In the six months leading up to the 2018 World Cup in Russia, Southgate and his assistant Steve Holland had become unhappy with England’s play. Over dinner on a reconnaissance trip to Russia they designed a new formation with wing‑backs, three central defenders and two No 8s to support Harry Kane - initially Jesse Lingard and Dele Alli. The formation was so effective in the early stages of that World Cup that England’s opponents began changing shape in mid-game to deal with it.
Landmark tournament switches are an entertaining sub-plot. For England, Bobby Robson’s transformative change to three-at-the-back at Italia 90 turned a team who’d faced the front-page “send them home” treatment after the draw with the Republic of Ireland into semi-final opera stars.
In 1966, for England’s only tournament victory, Alf Ramsey had unveiled his wingless wonder 4-3-3 formation against Spain six months earlier but played a winger in each of the World Cup group games, shifting to 4-3-3 only in the knock-out rounds. Ramsey changed direction halfway through a tournament: a detail missing in many of the wingless wonder narratives.
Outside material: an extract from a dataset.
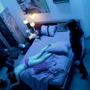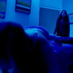 Y para el final ... Tenemos una escena de una película llamada “Escándalo”. Mary Mouser está boca abajo muy borracha. Está en su cama con un sostén con estampado animal y unas diminutas bragas rosas. Las bragas lucen su culo mientras una mujer se arrodilla para cuidarla mientras la otra mujer hace una llamada telefónica para pedirle ayuda.

At Euro 96, Terry Venables had his team ready to alternate between a back-four and a three according to the opposition. Tactical inflexibility was anathema to Venables and his successor, Glenn Hoddle, who both loathed the regimentation of 4-4-2.
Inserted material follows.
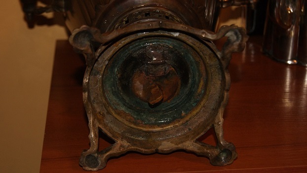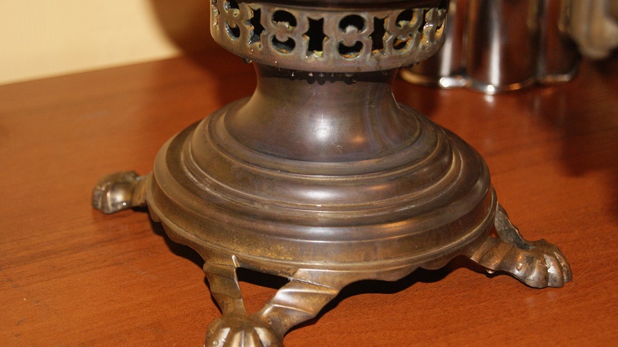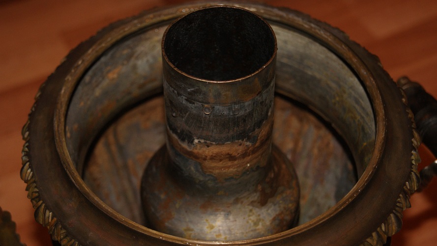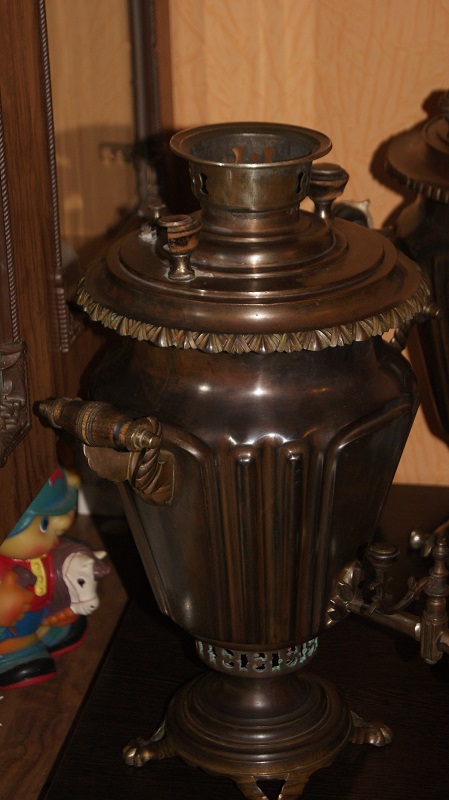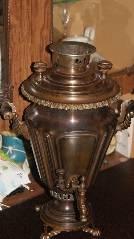 Самовар обьемом 4 литра.Не разбирался.Не течет и не капает.Без паек. Имеются остатки накипи.Комфорка и заглушка отсутствуют.крышка зольника на месте.Дерево все родное,на одной прихватке половино деревяшки.Есть совсем небольшая замятость ручек,разбирать из за такого самовар не стал.Будут вопросы -спрашиваем.МПЦ 8 тыс руб.условия после прохождения МПЦ.

It doesn’t always work. Graham Taylor springing a back three on England before the ‘Norse Manure’ game in Oslo in 1993 caused mayhem, with players not knowing where to go or who to mark. Nobody is demanding a radical tactical upheaval from Southgate, but the Scotland game landed him in a place familiar to England managers, where the shouting assails both ears.
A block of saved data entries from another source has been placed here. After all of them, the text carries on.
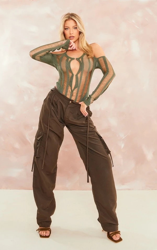 Body en maille tricot ajourée kaki à détail anneau
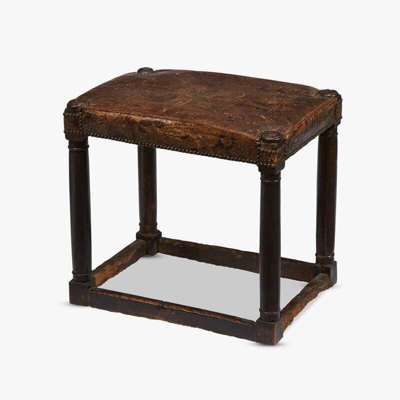 With later tooled leather-covered seat worked with Baroque style foliate motifs, raised on four turned legs joined by stretchers.
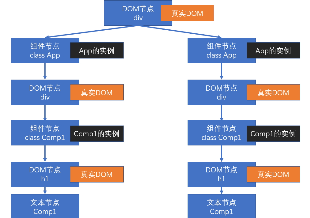 - 运行 render,得到一个新的节点,进入该新的节点的对比更新

Players, too, come and go, rise and fall. Peter Beardsley replacing Mark Hateley in Mexico in 1986 was a catalyst for Gary Lineker’s hat-trick against Poland and added sophistication and fluidity to England’s attack. Four years later, David Platt earned his starting place with his spectacular over the shoulder volley against Belgium on the third of his substitute appearances.
The beauty of this England squad is that Beardsley and Platt have many potential incarnations. Jack Grealish, Jude Bellingham and Jadon Sancho are the obvious candidates to provide more thrust and tip the balance from six defensive and four offensive players to five and five (Bellingham, notably, is able to provide just about every midfield function and has the ‘legs’ to go box to box.)
Poking out from the gloom over Mount and Chilwell and the lingering inquest from Scotland was a reminder of England’s strengths. It came when Southgate was asked why Sancho hasn’t kicked a ball yet.
“Well we just have so many good attacking players,” Southgate replied. “In terms of wide players or players who can play in those areas and come inside we have Raheem Sterling, we have Phil Foden, we have Jack Grealish, we have Marcus Rashford, we have Bukayo Sako and we have Jadon, and they’re all very good players, so if you weren’t asking me about Jadon you’d be asking me about one of the others.”
If England win at Wembley, the emphasis will shift away from Scotland and back to the surfeit of riches everyone was talking about before the tournament. For now though Southgate is in the infernal realm of national agitation he witnessed in his England playing days: a reality even a Covid drama couldn’t disguise.